Monday, Jul. 20, 1959
Sharpshooting Sabre Jets
Cruising along at 40,000 ft. over the Formosa Strait, eight Chinese Nationalist F-86 Sabre jets picked out the white contrails of nearly a score of Communist MIG-17s in the early morning sunlight. With a confidence born of repeated successes in aerial clashes with Red pilots and with more than 2,000 flight hours per man logged in Sabre jets (an operational experience that is the envy of U.S. Air Force pilots), the Chinese Nationalists jumped the MIGs.
At first the MIGs tried to form into a huge circle one behind the other, a new Communist tactic* the Nationalists described as "like Indians attacking a wagon train," in which "individual flying ability counts for little," since every plane's vulnerable tail is protected by the plane behind it. But the Sabre jets' quick passes into the circle made short work of that, and for 20 minutes--long for a jet battle --the planes whirled in a melee ranging from 40,000 ft. all the way down to the sea. When it was all over, four MIGs were down, including one drawn into Nationalist antiaircraft fire from the White Dog Islands. The jubilant Nationalist pilots flew home with all eight Sabre jets undamaged.
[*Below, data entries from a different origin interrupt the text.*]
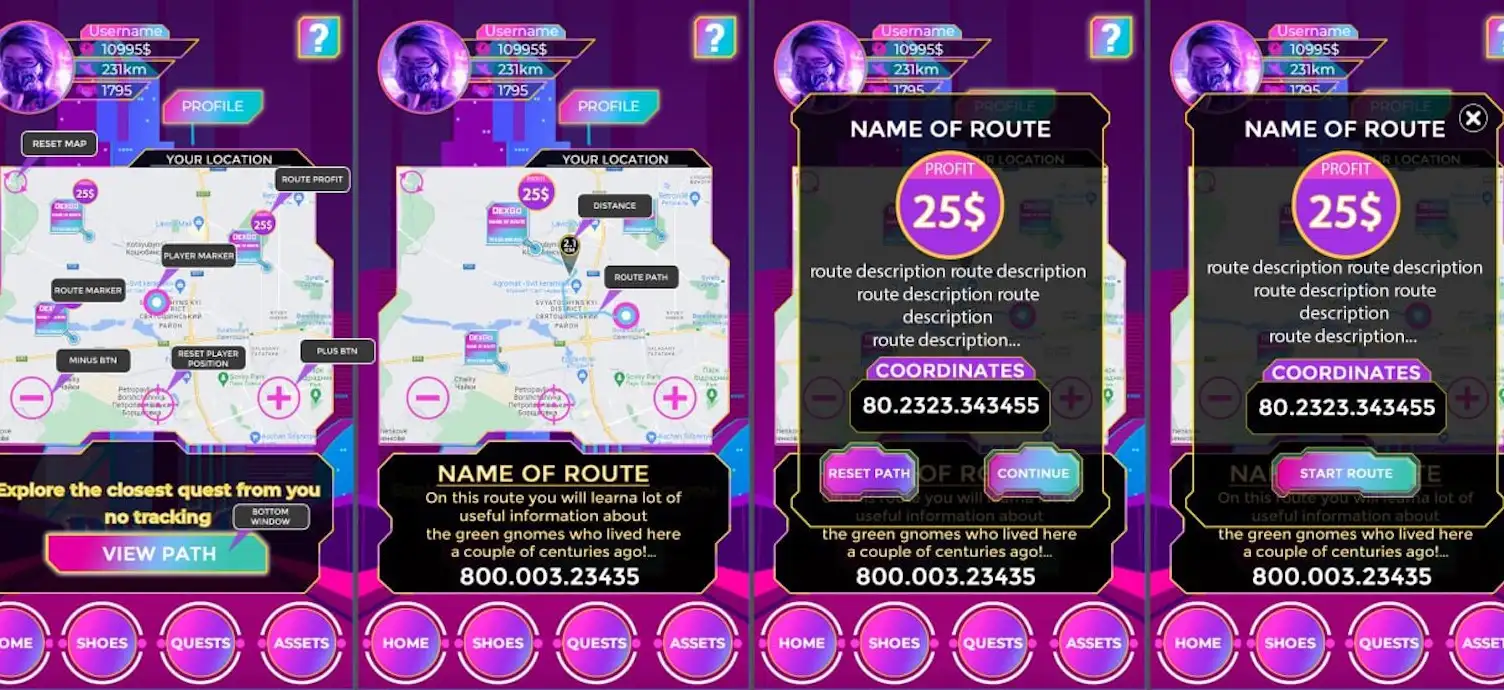 Players start their journey by purchasing NFT sneakers, which are essential for engaging in the game's activities. Once equipped with these digital assets, players can choose from various routes mapped out in their cities. As they walk these routes, they encounter AR elements that enhance the gaming experience. These elements include game objects, characters, and secret locations, which players can discover to earn additional rewards.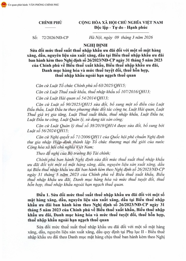 Ngày 09/03/2026, Chính phủ ban hành Nghị định số 72/2026/NĐ-CP sửa đổi mức thuế suất thuế nhập khẩu ưu đãi đối với một số mặt hàng xăng dầu, nguyên liệu sản xuất xăng, dầu tại Biểu thuế nhập khẩu ưu đãi ban hành kèm theo Nghị định số 26/2023/NĐ-CP ngày 31/5/2023 của Chính phủ về Biểu thuế xuất khẩu, Biểu thuế nhập khẩu ưu đãi, Danh mục hàng hóa và mức thuế tuyệt đối, thuế hỗn hợp, thuế nhập khẩu ngoài hạn ngạch thuế quan.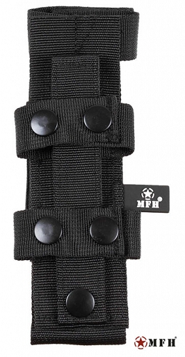 Zapinany na klapkę z rzepem. Elastyczne paski po bokach do regulacji rozmiaru. 1 wsuwana komora z zapięciem na rzepy z tyłu (np. na nożyczki medyczne). Z tyłu paski montażowe Molle do mocowania w pionie i w poziomie np. do pasa, torby medycznej lub plecaka wyposażonych w paski systemu Molle.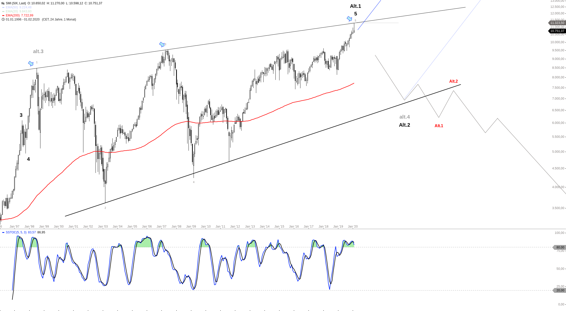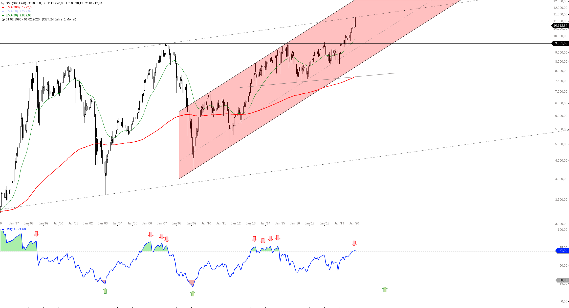 Monatschart SMI Index 1996 – 2020, eine Kerze entspricht einem Monat – Chart by Guidants.

At an earlier date, Western observers were skeptical of all Nationalist battle claims, and still are of some, but they happily acknowledge that the Nationalist Air Force has no need to exaggerate its skill.
* But to Western airmen a World War I formation, long since discarded, known as the Lufbery circle, after Major Raoul Lufbery, U.S. pilot in France's Lafayette Escadrille.